1)   Pengakuan status de facto RI atas Jawa, Madura, dan Sumatera oleh Belanda.

2)   Pembentukan negara federal yang disebut Republik Indonesia Serikat (RIS).

3)   Pembentukan Uni Indonesia-Belanda dengan Ratu Belanda sebagai kepala negara.

4)   Pembentukan RIS dan Uni Indonesia-Belanda sebelum 1 Januari 1949.[7]

Wilayah RIS dalam kesepakatan tersebut mencakup daerah bekas Hindia Belanda yang terdiri atas Republik Indonesia, Kalimantan, dan Timur Besar. Persetujuan tersebut dilaksanakan pada 15 November 1946 dan baru memperoleh ratifikasi dari Komite Nasional Indonesia Pusat (KNIP) pada tanggal 25 Februari 1947 yang ditandatangani pada tanggal 25 Maret 1947 di Istana Negara Jakarta.

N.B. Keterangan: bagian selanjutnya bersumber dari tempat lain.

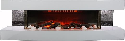 Chemin’Arte Lounge 3XL Electric Fireplace Flame Effect LED Wall Fireplace 150 cm White Designed in France
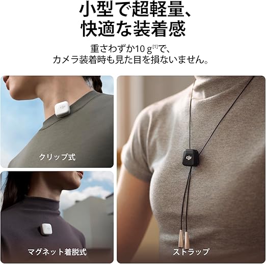 【小さくてもパワフル】 - DJI Mic Miniトランスミッターは、小型で重さわずか10 gの超軽量です[1]。快適に装着でき、目立たないデザインで、マイクを付けていても外観を損ねません。
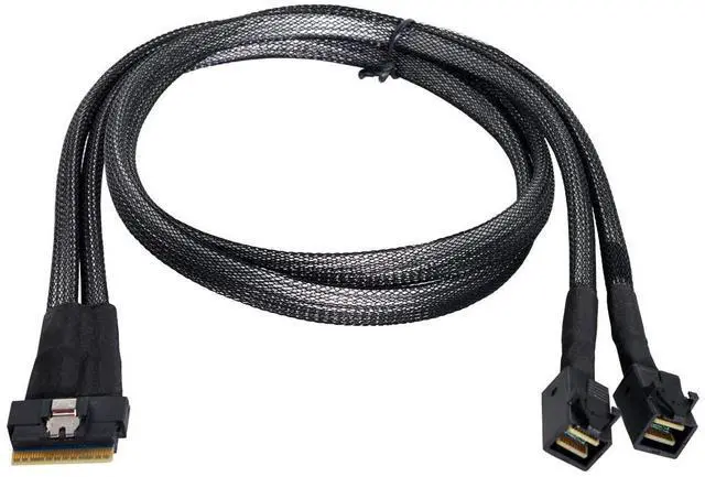 Features and Benefits: 1.Smaller size connector and cable saves device space. 2.Provide four channels signal transmission as per industry standard. 3.Data speed: 24Gbps for SAS and 8GT/s for PCIe per channel. 4.Meet SAS4.0, Ultraport SlimSAS SFF-8654 specification.

Hasil Perjanjian Linggarjati memiliki kelemahan dan keuntungan bagi Indonesia. Kelemahannya, bila ditinjau dari segi wilayah kekuasaan, daerah RI menjadi sempit. Tetapi bila ditinjau dari segi keuntungannya, kedudukan Indonesia di mata internasional semakin kuat karena banyak negara seperti Inggris, Amerika, dan negara-negara Arab mengakui kedaulatan negara RI. Hal ini tidak terlepas dari peran politik diplomasi Indonesia yang dilakukan oleh Sutan Syahrir, H. Agus Salim, Sujatmoko, dan Dr. Sumitro Joyohadikusumo dalam sidang Perserikatan Bangsa-Bangsa (PBB).[8]

b.    Perundingan Renville

Perundingan Renville dilaksanakan di geladak kapal U.S.S. Renville milik Amerika Serikat pada 8 Desember 1947-17 Januari 1948. Dari pihak Indonesia diutus Amir Syarifudin, dan dari pihak Belanda diutus R. Abdulkadir Wijoyoatmojo, dan dari pihak penengah adalah Komisi Tiga Negara (KTN).

Adapun Isi perundingan Renville adalah sebagai berikut:

1)      Persetujuan gencatan senjata antara Belanda dengan Indonesia

2)      Menyelesaikan pertikaian secara damai melalui bantuan KTN.

3)      Kedaulatan Indonesia sementara ada pada pihak Belanda, dan selanjutnya akan diserahkan pada Negara Indonesia Serikat, dimana:

a)      Di antara wilayah RI dan pendudukan Belanda dibuat garis batas daerah (demarkasi) yang disebut garis Van Mook.

b)      TNI ditarik dari kantong-kantong gerilya ke wilayah RI.[9]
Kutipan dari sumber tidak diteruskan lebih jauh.